The Food Safety Modernization Act (FSMA) passed in 2011, with rulemaking final in 2016, seeks to address food-borne illness through prevention, inspection, and recall authority. Under the oversight of the Food and Drug Administration (FDA), the new rules have major implications for so-called high-risk food, including fresh produce. In fact, produce is believed to be such a risk that it was awarded its own set of requirements, called the Produce Safety Rule. Generally aimed at fruits and vegetables commonly eaten raw, the most potentially perilous foods include fresh greens, tomatoes, sprouts, and berries, according to the Center for Science in the Public Interest.
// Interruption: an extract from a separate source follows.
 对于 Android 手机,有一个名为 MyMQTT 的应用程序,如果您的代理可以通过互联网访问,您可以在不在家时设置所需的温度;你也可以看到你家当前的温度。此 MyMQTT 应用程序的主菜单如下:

One of the law’s requirements is the ability to trace produce back to the farm where it was grown.
This is where Nathan Dorn’s Salinas, California-based start-up, Food Origins, comes in. “We supply precision data to high-value hand-picked crops,” he says. The requirement for traceability is the element that spurred Dorn’s development of an integrated data collection system. He found that traceability is often tacked on to existing agricultural data programs. “The same data set is collected multiple times,” he notes, “and systems are never merged.”
Dorn, a consultant to the California berry industry, has seen first-hand what’s available since he helps farms identify and choose technology. While large growers already have food tracking systems in place, FSMA is impacting smaller growers. The size of farms affected was one of the most hotly debated provisions in the Act. Farms with average annual revenues of $25,000 or less during the past three years are exempt entirely.
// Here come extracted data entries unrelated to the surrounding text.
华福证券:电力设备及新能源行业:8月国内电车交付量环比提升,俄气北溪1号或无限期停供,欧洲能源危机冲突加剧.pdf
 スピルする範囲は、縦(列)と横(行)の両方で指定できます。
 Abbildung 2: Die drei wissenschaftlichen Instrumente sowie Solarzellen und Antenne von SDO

For those with average revenues of $500,000 or less over the past three years, qualified exemptions and modified requirements are available. However, labeling the produce with farm of origin or at point of sale is always required for these farmers.
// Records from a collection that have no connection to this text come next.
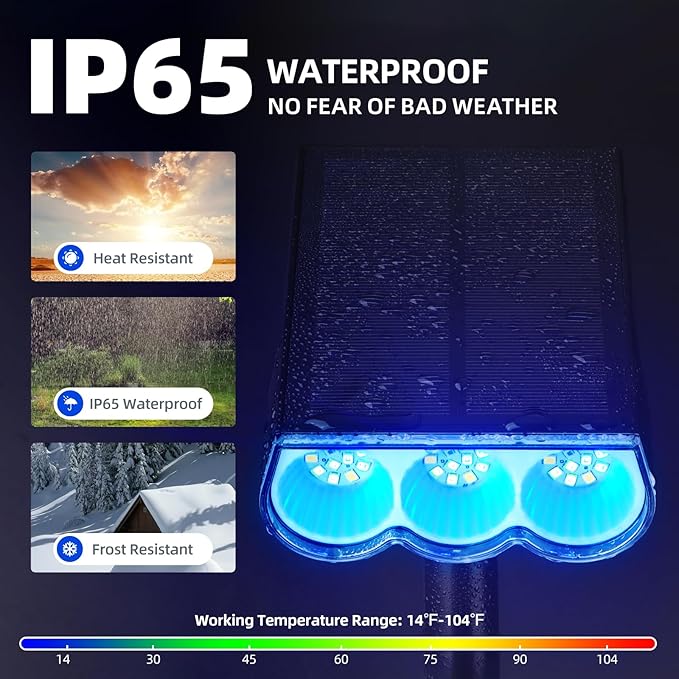 - Waterproof Solar Spotlights With Supreme Quality: his solar powered multicolored outdoor spotlight features a IP65 waterproof rating, powerful enough to withstand all kinds of terrible weather. It will charge in the day to store energy and auto-on at dusk and auto-off at dawn.
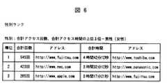 この統計処理は、たとえば図4(a),(b) に一例を示すように、閲覧された時間、閲覧された回数に対応してそれぞれ時間が長い順、回数が多い順に、URLとそれに対応する合計閲覧時間、合計閲覧回数がランク付けされて処理され、いずれも性別、年齢層別、地域別、総合合計などに分けて計算される。
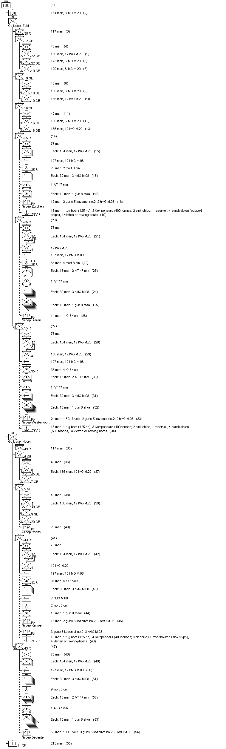 55. In TBO according to: Klingens, Krijgsvolk, p.56; personnel strength: Supplement, p.39-40; elements detached to Groep Betuwe.
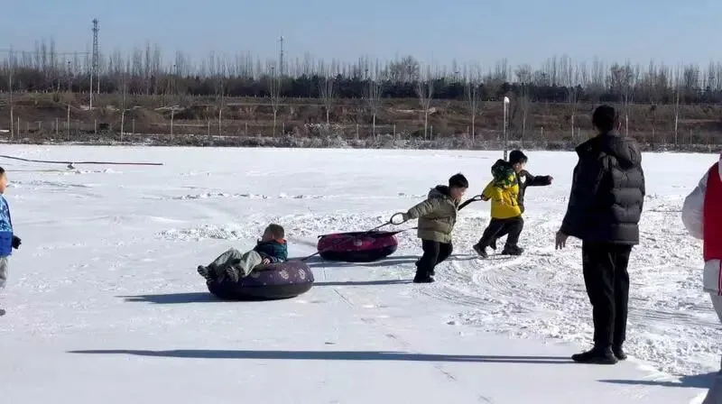 温室之外,则是另一番银装素裹的冰雪天地。十余种趣味冰雪项目错落分布,满足不同年龄段游客的游玩需求。冰上坦克车轰鸣驰骋,带来速度与激情的双重体验;冰上自行车、碰碰车童趣十足,大人孩子组队竞技,欢声笑语回荡在冰面之上;经典的冰滑梯、雪地转转、雪地寻宝等项目,让游客尽情释放冬日活力。“我跟爸爸妈妈玩了冰上碰碰车和雪地转转,特别是冰滑梯,滑下来的时候风呼呼吹过,特别刺激。”10岁的小朋友王梓轩刚从冰滑梯上下来,脸颊通红却难掩兴奋。园区精心规划游览动线,将种植区、冰雪娱乐区、萌宠互动乐园和农耕文化长廊有机串联,为游客提供集采摘、娱乐、研学于一体的一站式体验。
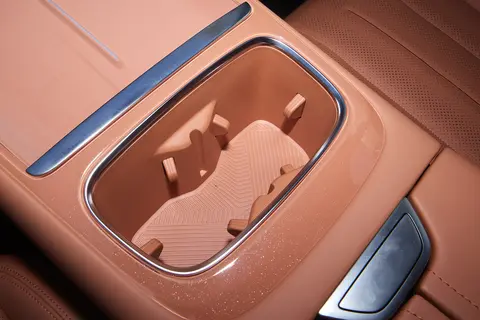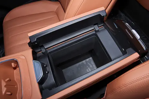 储物空间方面,设计师应该是花了不少心思。隐藏式眼镜盒正好能放下我的太阳镜,不用再到处找地方塞;50W 无线快充特别方便,手机放上去就能充电,再也不用插线了;还有一个 4.7L 的智能冷暖箱,夏天能放饮料,冬天能保温,周末出游的时候特别实用。最让我惊喜的是,后排座椅能纯平放倒,上次帮朋友搬东西,放倒后居然塞下了一个小衣柜,装载能力完全超出预期。

Dorn’s thought is, since information has to be gathered, why not use it to improve farm production and profitability? With high-value crops such as fruit and berries, he makes the point that farmer decisions have big dollar consequences, even at the acre level. Thus, Food Origins will map fields by the block so that all activities can be tracked. In order to understand and improve productivity, tracking information about plants or trees transplanted in the field will be entered. This will allow farmers who use various nursery sources to compare performance.
“We’re hoping to do this much less expensively for farmers than the systems that presently exist,” Dorn said. “We’ve yet to see an opportunity for incremental revenue offered by traceability applications. We hope to provide that.”
During the growing season, the system will help with field management and yield prediction. At harvest, pickers will use hand-held devices to record crop information.
“Many crops are harvested directly into the containers sold to consumers,” Dorn says, and this is a key facet of tying traceability to the exact location where produce was grown. Each container has a unique code that can be used for multiple purposes.
The data will include employee information so can it be tied into payroll systems. Worker productivity can be tracked in real-time and employees shifted to other areas of the farm as needed.
Once it leaves the farm, the crop can be traced through the various links in the supply chain, all the way to the end user, the consumer. In addition to meeting legal requirements for food tracing, Dorn sees an opportunity to “connect with the consumer.” Digital coding will allow the consumer to access information about where, when, and by whom produce was harvested. “We have to make data interesting to consumers,” he says.
Food Origins’ partnerships—both national and international—give Dorn confidence that the software will launch successfully next year. Full-scale trials will occur in the summer of 2016.